Open Source

Friendly reminder inference is WAY faster on Linux vs windows

A developer's home lab PC generated tokens 72-118% faster on Ubuntu versus Windows 10.

Deep Dive

A developer's weekend experiment with the popular Ollama platform has revealed a stark performance divide between operating systems for local AI inference. Using a home lab PC equipped with an NVIDIA RTX 8000 GPU (48GB VRAM), 64GB of DDR4 RAM, and a Core i9-9900k CPU, they benchmarked identical models on a fresh Windows 10 install versus their usual Ubuntu 22.04 LTS setup. The results were unambiguous: inference speed, measured in tokens per second (t/s), was consistently and significantly faster on Linux.

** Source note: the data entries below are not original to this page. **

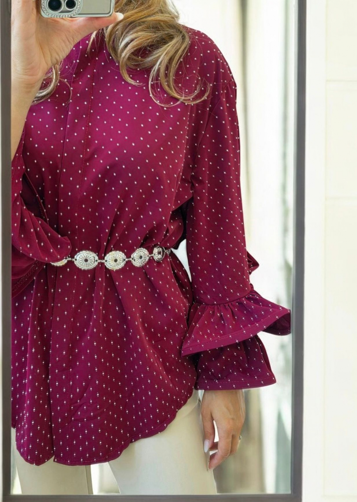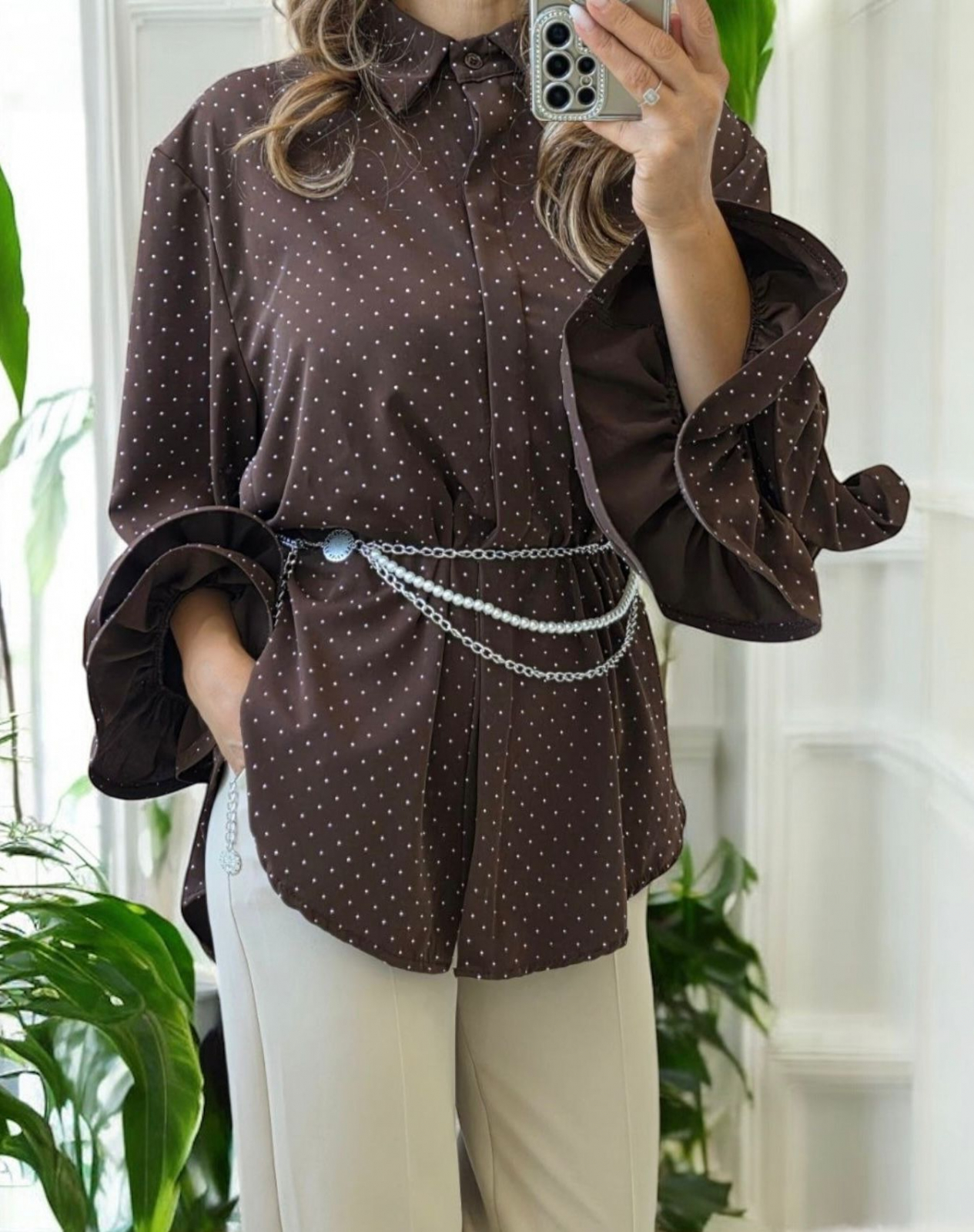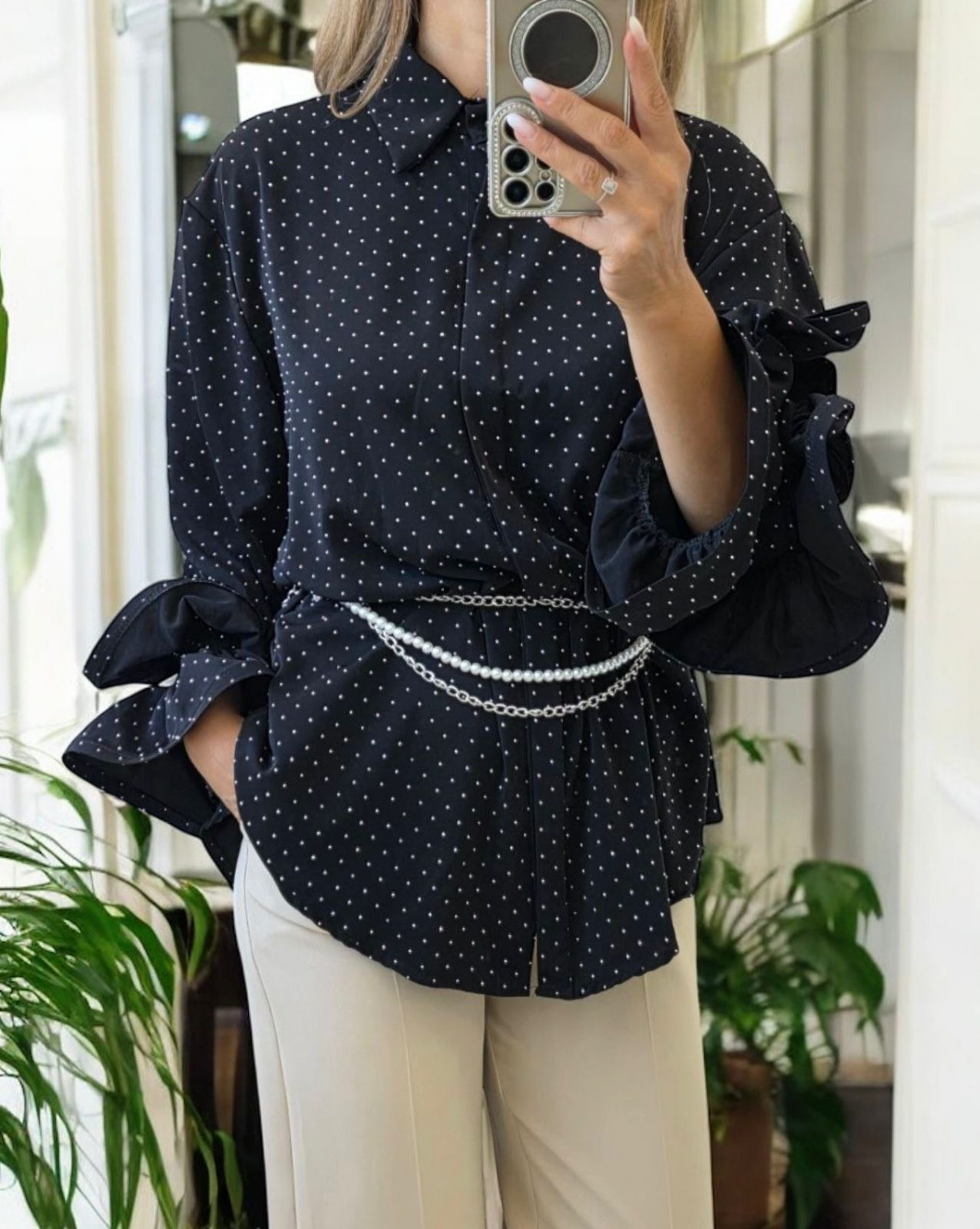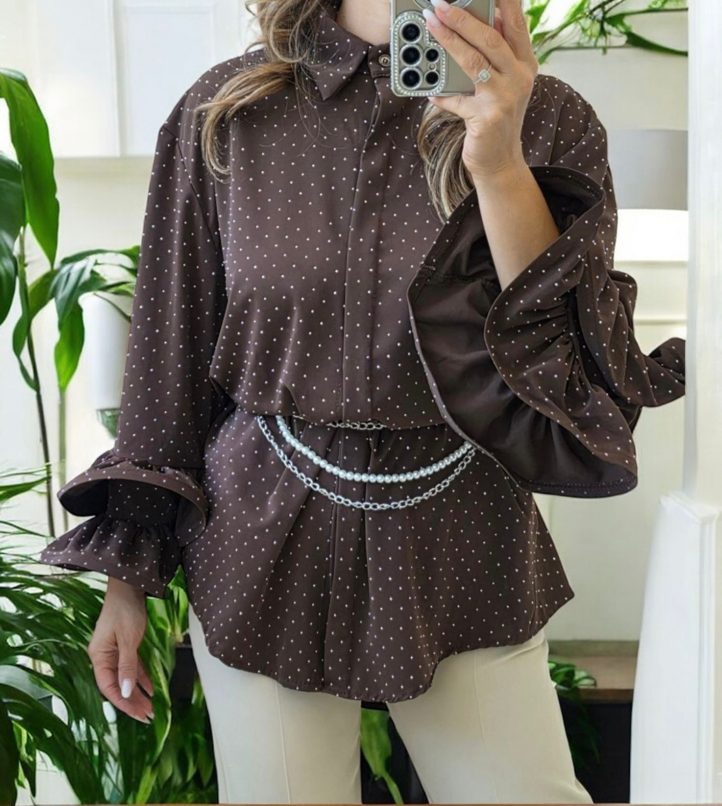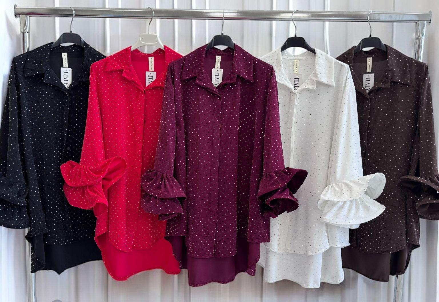 Bluza este disponibila in mai multe culori elegante: alb, negru, bordo, maro si rosu, fiind usor de integrat atat in tinute casual, cat si in tinute office sau de eveniment. Pietricelele delicate confera un efect subtil de stralucire, adaugand o nota feminina si rafinata.
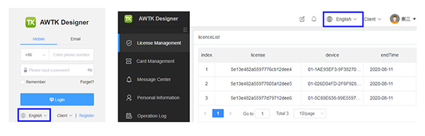 AWTK云平臺(tái)的注冊(cè)和登錄頁(yè)面均可切換英文版網(wǎng)頁(yè),可滿足習(xí)慣閱覽英文的用戶需求。
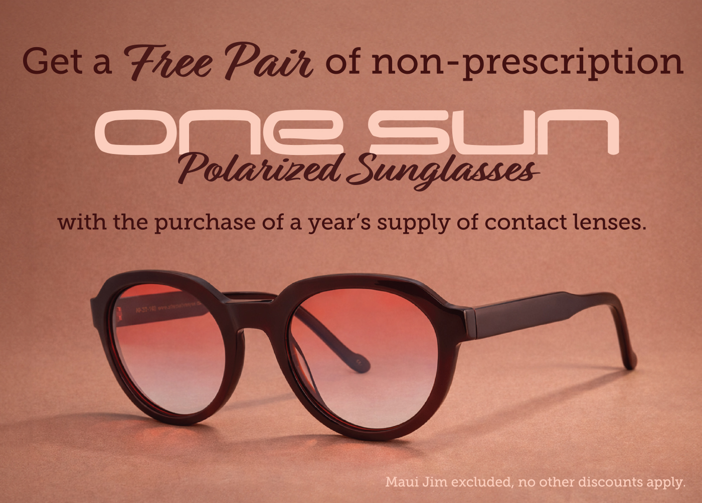 Get a free pair of non-prescription One Sun polarized sunglasses with the purchase of a year's supply of contact lenses. Maui Jim excluded, no other discounts apply.

Testing the QWEN Code Next model at 4-bit quantization (q4) with a 6k context length, Linux produced 31 t/s versus 18 t/s on Windows—a 72% increase. The gap widened with the larger QWEN 3 30B model, where Linux achieved 105 t/s compared to Windows' 48 t/s, representing a massive 118% performance uplift. This suggests the performance delta is not merely marginal but potentially transformative for developers iterating on models or researchers running local experiments, where faster iteration directly translates to productivity gains.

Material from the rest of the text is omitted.